American screenwriter

Andrew W. Marlowe is an American screenwriter, producer, and showrunner. He is best known as the creator, showrunner, and executive producer of Castle, a crime mystery dramedy that ran on ABC from 2009 to 2016 and starred Nathan Fillion in the eponymous role. He is also known as the writer of the 1997 action-thriller Air Force One starring Harrison Ford.

==Biography==
Marlowe graduated from Columbia University in 1988 with a degree in English Literature, and attended the University of Southern California where he obtained his MFA in Screenwriting in 1992.

===Screenwriting===
Marlowe’s USC thesis script, The Lehigh Pirates, won him one of the prestigious Nicholl Fellowships in Screenwriting for emerging writers from the Academy of Motion Picture Arts and Science. During the Nicholl Fellowship ceremony, he was introduced to one of the other winners that year, Terri Edda Miller, who would later become his wife and collaborator.

Marlowe’s first produced screenplay was the 1997 action-thriller Air Force One which he sold as an original script to Beacon Pictures. Directed and co-produced by Wolfgang Petersen, the film was a box office success and received mostly positive critical reviews. It became the fifth highest-grossing film of 1997, earning $315.2 million worldwide. It scored the highest opening weekend for an R-rated film, a title it held for three years.

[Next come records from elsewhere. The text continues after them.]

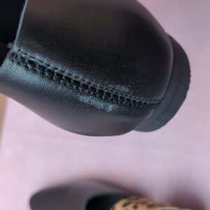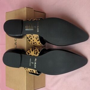 All Black D'Orsay Leopard Print Black Genuine Leather Pointed Toe Shoes Size 37
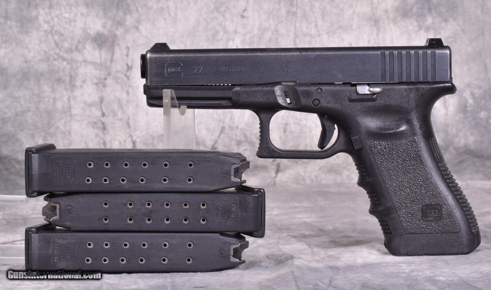 Description: Guns Listing ID: 653869 Glock 22 Gen 3 with Glock Night Sights (3) 15 Round Magazines SOLD Manufacturer: GLOCK Model: 22 G22 Gen 3 NIGHT SIGHTS Caliber Info: 40 S&W Condition: Used - Non-Certified Barrels: 4.5 BARREL |
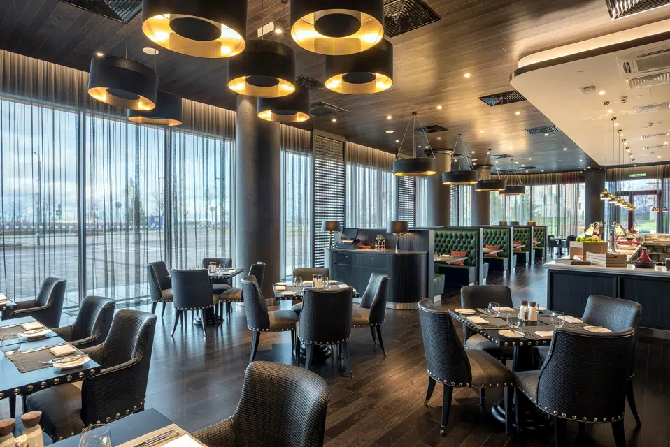 Комментарий экспертаБальный зал с красивым верхним освещением, предусмотрено зонирование по свету, что удобно при делении пространства на секции. При необходимости могут предоставить и смонтировать паркетный танцпол. Перед залом расположен просторный холл, где можно организовать кофе-брейк, однако важно учитывать, что дополнительные столы, кроме уже установленных, не предусмотрены. В ресторане «Гриль» современный интерьер, хорошая мебель и посуда. При этом подача горячего была немного дольше заявленного времени и сложилось ощущение, что официант не всегда ориентируется в меню и составе блюд.
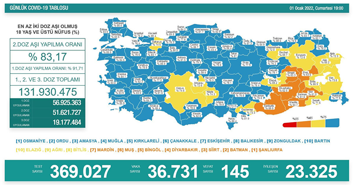 18 yaş ve üstü nüfusta en az iki doz aşı yaptıranların oranının en yüksek olduğu 10 il Osmaniye, Ordu, Amasya, Muğla, Kırklareli, Çanakkale, Eskişehir, Balıkesir, Zonguldak ve Bartın oldu.
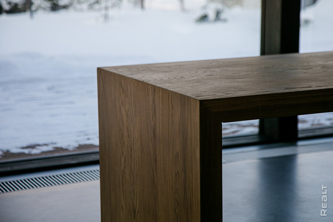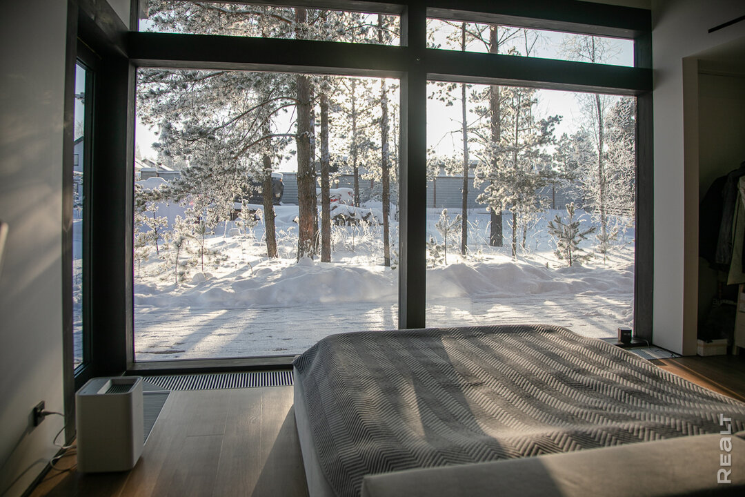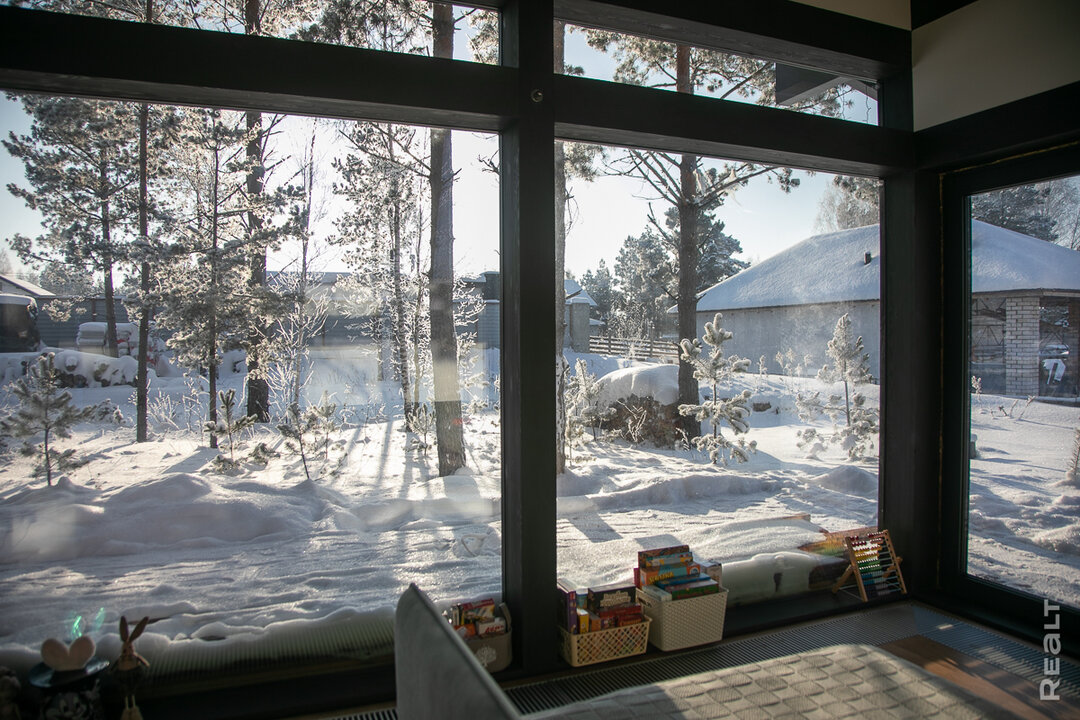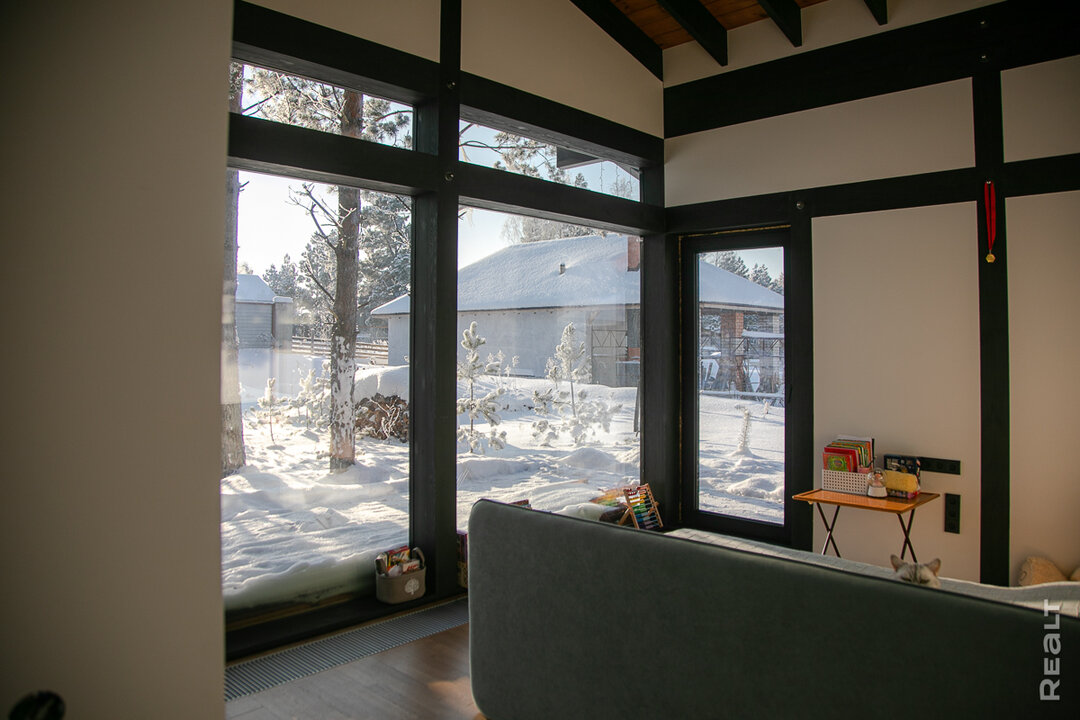 В доме Александра тепло, уютно и… непривычно. Удивительно находится в помещении, где стены прозрачные. Вот ты видишь снег на террасе, понимаешь, что там, за стеклом, минус 20, а тебе комфортно. Даже если подойти вплотную, холод не ощущается.
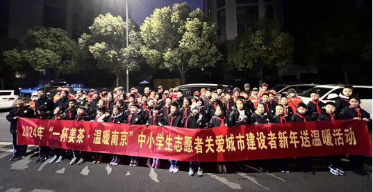 1月1日,由共青团南京市委指导,中国少年先锋队南京市工作委员会、南京市青年志愿者协会主办,各板块团(工)委、少工委承办,南京中研青少年成长服务中心、南京市圆梦青少年发展基金会协办的2024年“一杯姜茶·温暖南京”中小学生志愿者致敬城市建设者新年送温暖活动在南京举办。我校50名少先队员参加了此次活动。
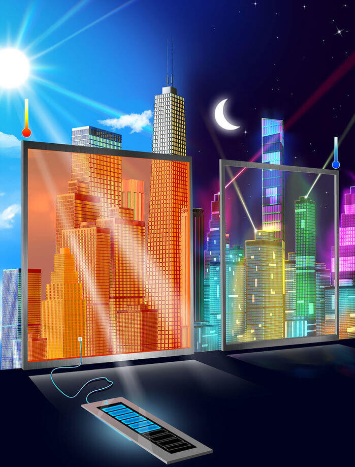 An illustration displays the day to night changes and potential power output in solar cell film transitions. (Illustration/Jia Lin)
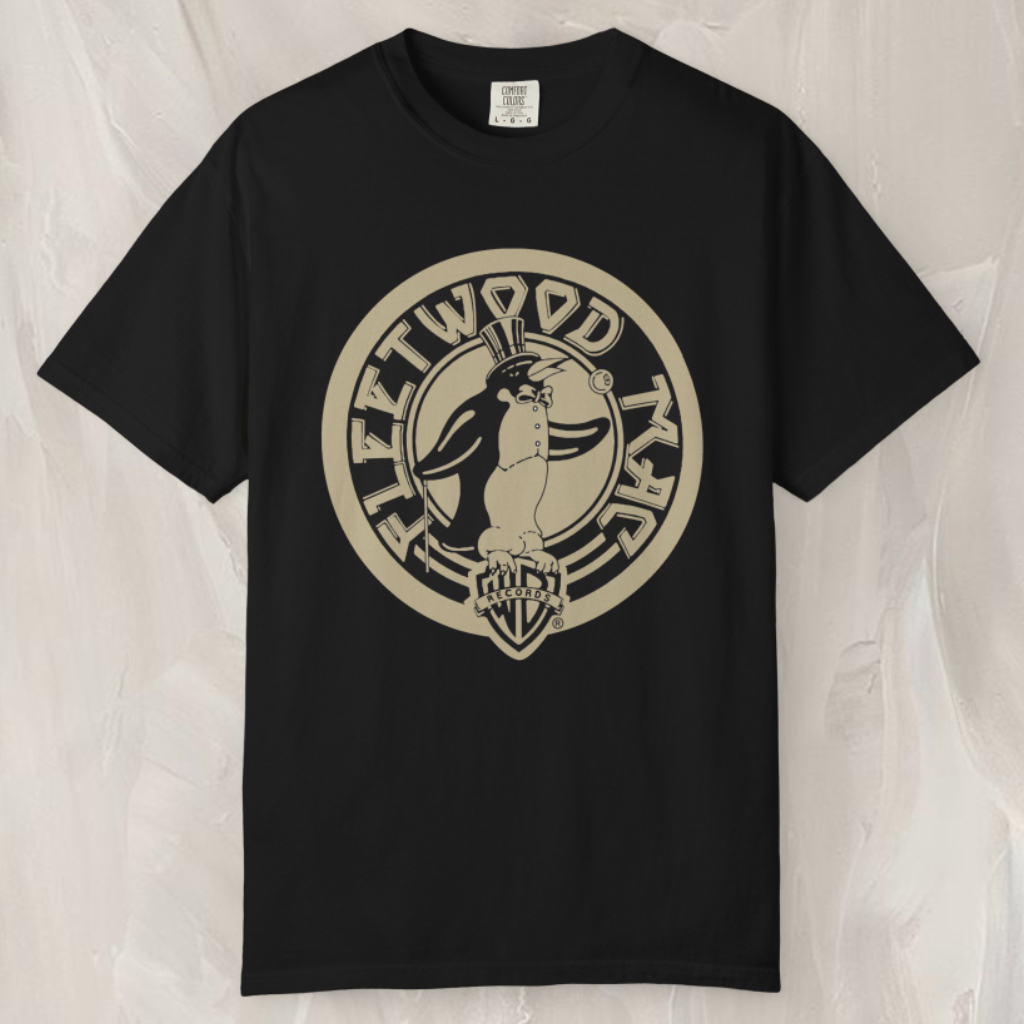 Encircling the penguin, the name Fleetwood Mac is printed in an arched layout that follows the curve of the design, giving the shirt a dynamic, flowing energy. The typography is styled to reflect the tour’s vintage character, nodding to the Tusk era’s experimental spirit and the band’s creative evolution during that time.
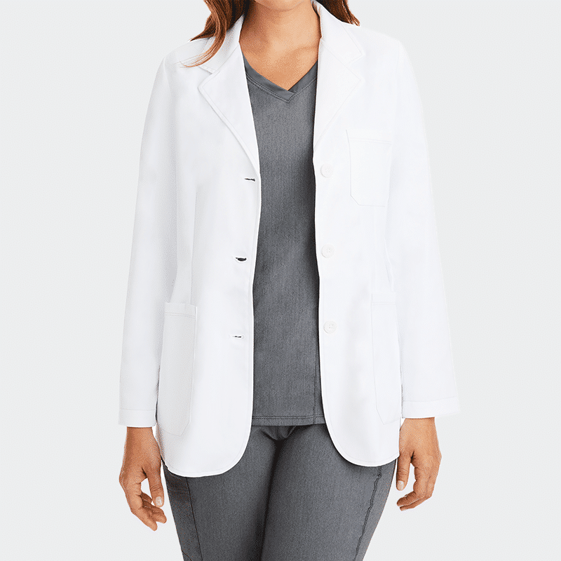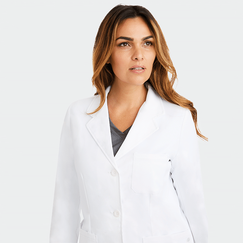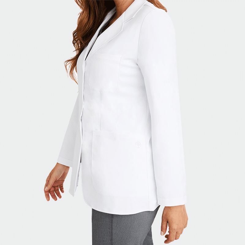 Γυναικεία ιατρική ρόμπα FLO της Healing Hands. Μήκος 71 cm, με κουμπιά και 3 τσέπες. Πολυτελές, κομψό και ανθεκτικό ύφασμα με ελαστάνη. Ιδανικό για όλες τις εποχές.
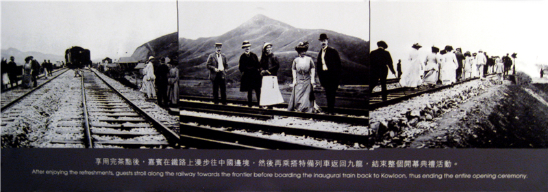 左边第一张图为1911年10月15日九广铁路全线通车现场,右边两张图为参加通车典礼的中英嘉宾的活动场景
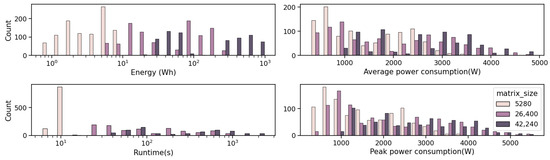 Different trends are visible in Figure 6, where the data distributions are limited to three distinct matrix ranks (5280, 26,400, and 42,240). In general, jobs working on smaller matrices have lower runtimes and energy utilisation than solvers working on big matrices, while the distributions of average and peak power consumption seem to be less matrix-size-independent.
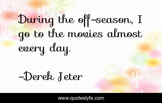 This page presents the quote "During the off-season, I go to the movies almost every day.". Author of this quote is Derek Jeter. This quote is about almost, every day, day,.
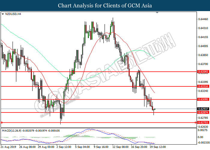 NZDUSD, H4: NZDUSD telah didagang dengan lebih tinggi selepas ia melantun dari tahap sokongan 0.6290. MACD yang memaparkan momentum bearish yang berkurangan mencadangkan pasangan ini untuk melanjutkan keuntungannya ke tahap rintangan 0.6310.
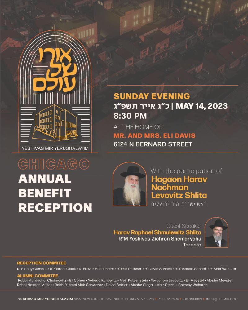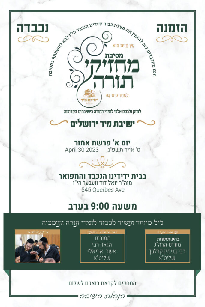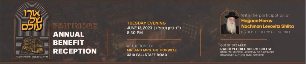 With the participation of Hagaon Harav Nachman Levovitz Shlita Guest Speaker: Rabbi…
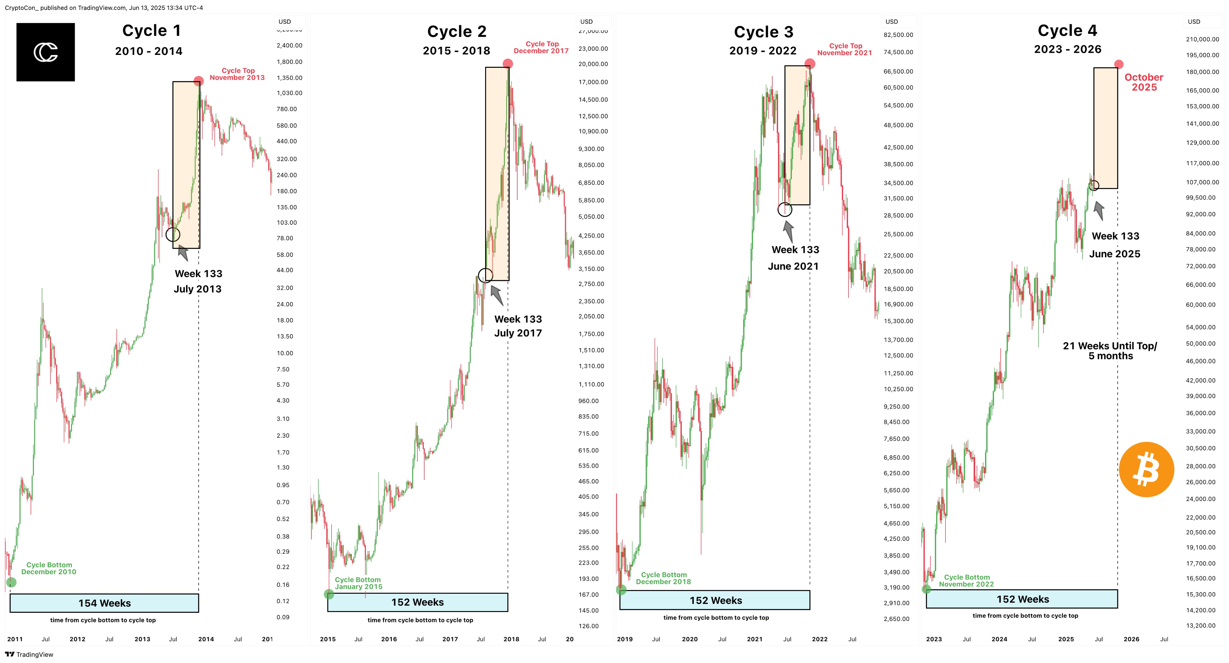 “Some people are under the impression that the cycle can extend into 2026 (year of the bear market) because of the slower price action,” analyst CryptoCon continued in his own X post on the topic.
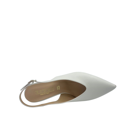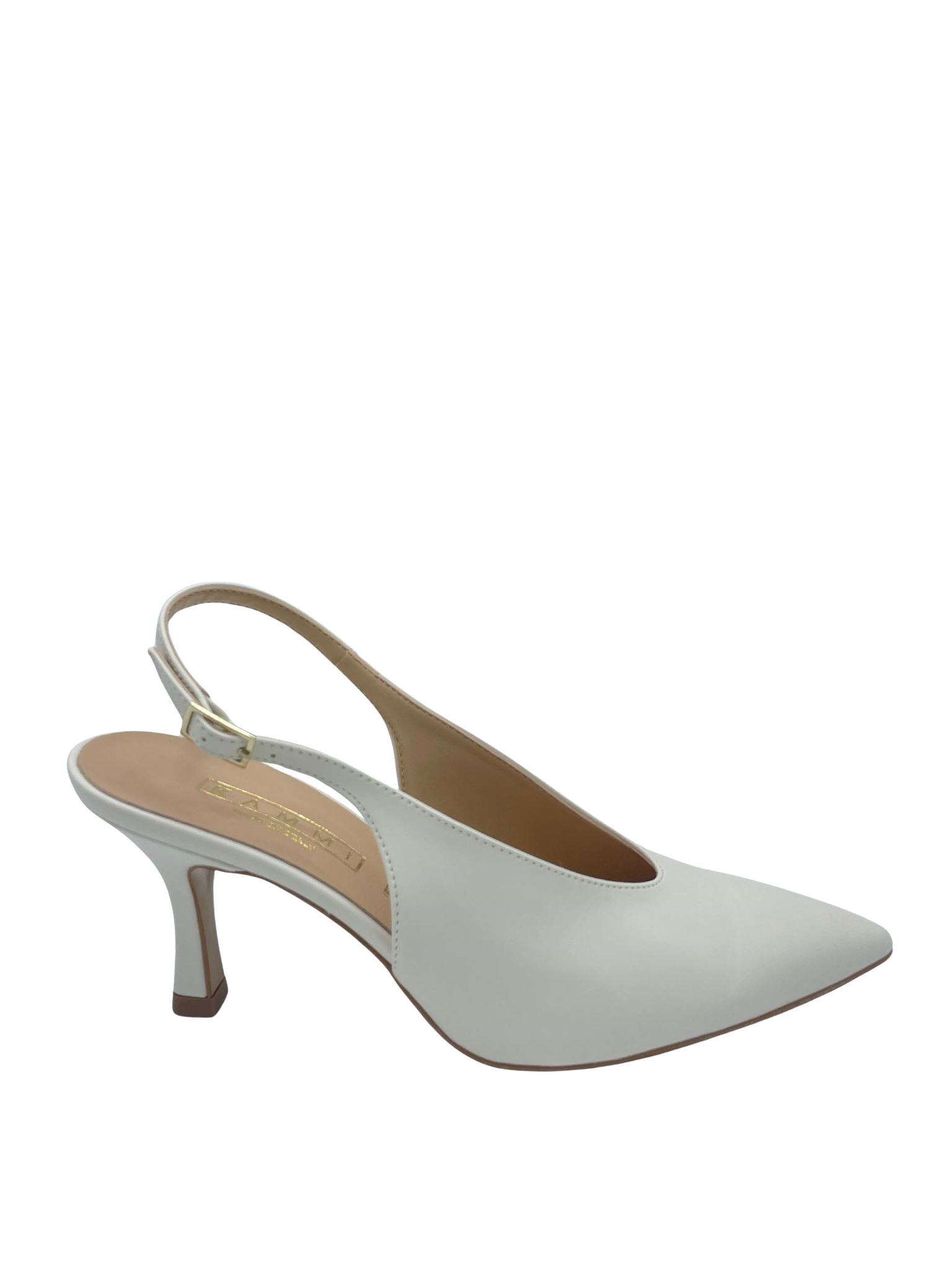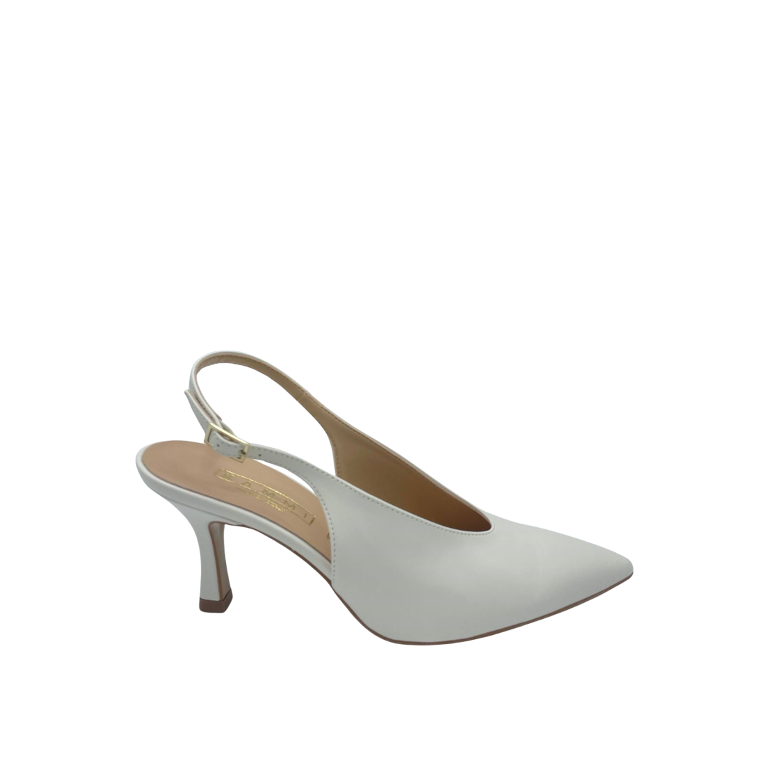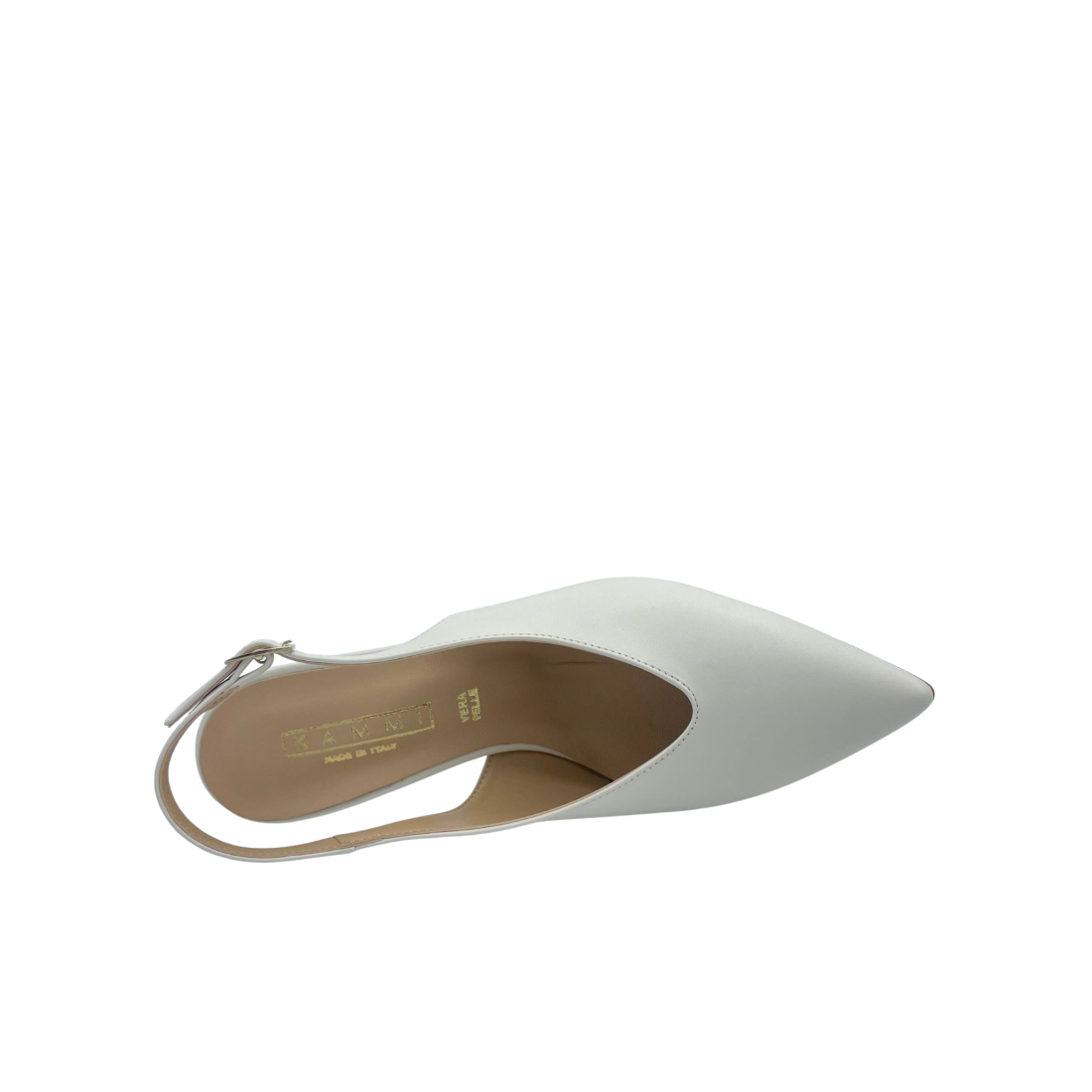 Slingback tomaia in ecopelle e sottopiede in vera pelle, accollata con scollo a V e cinturino regolabile. Fondo tunit. Made in Italy e lavorazione artigianale.

He followed up Air Force One with 1999’s action horror film End of Days, directed by Peter Hyams and starring Arnold Schwarzenegger, and the Kevin Bacon-led, Paul Verhoeven-directed thriller Hollow Man in 2000.

=== Television ===
He is the creator and executive producer of the ABC TV series Castle, which he also frequently wrote. The series ran for 173 episodes over eight seasons, with Marlowe show-running and executive producing the first seven. Over the course of its run, the show won four consecutive People’s Choice Awards for Favorite TV Crime Drama, as well as an ALMA Award, Prism Award, Imogen Award, several TV Guide Awards, and two Primetime Emmy Awards Nominations.

During the production of Castle, Marlowe and Terri Edda Miller (who also served as an Executive Producer on the show), teamed up to create MilMar Pictures. Their first project, Take Two, was ordered straight-to-series by ABC on November 16, 2017, with German RTL Group's channel VOX and French France 2 instantly joining them. The lighthearted detective procedural starred Rachel Bilson and Eddie Cibrian and ran for one season.

In November 2019, it was announced that Marlowe and Miller, in partnership with Queen Latifah, Debra Martin Chase, and Davis Entertainment, would launch a revival of the 1980s TV series The Equalizer for CBS. In January 2020, the script was ordered to pilot, with Latifah to star and Miller and Marlowe set to write, produce, and show-run the series under the MilMar Pictures banner. The reboot of The Equalizer premiered right after the 2021 Super Bowl and drew over 20 million viewers.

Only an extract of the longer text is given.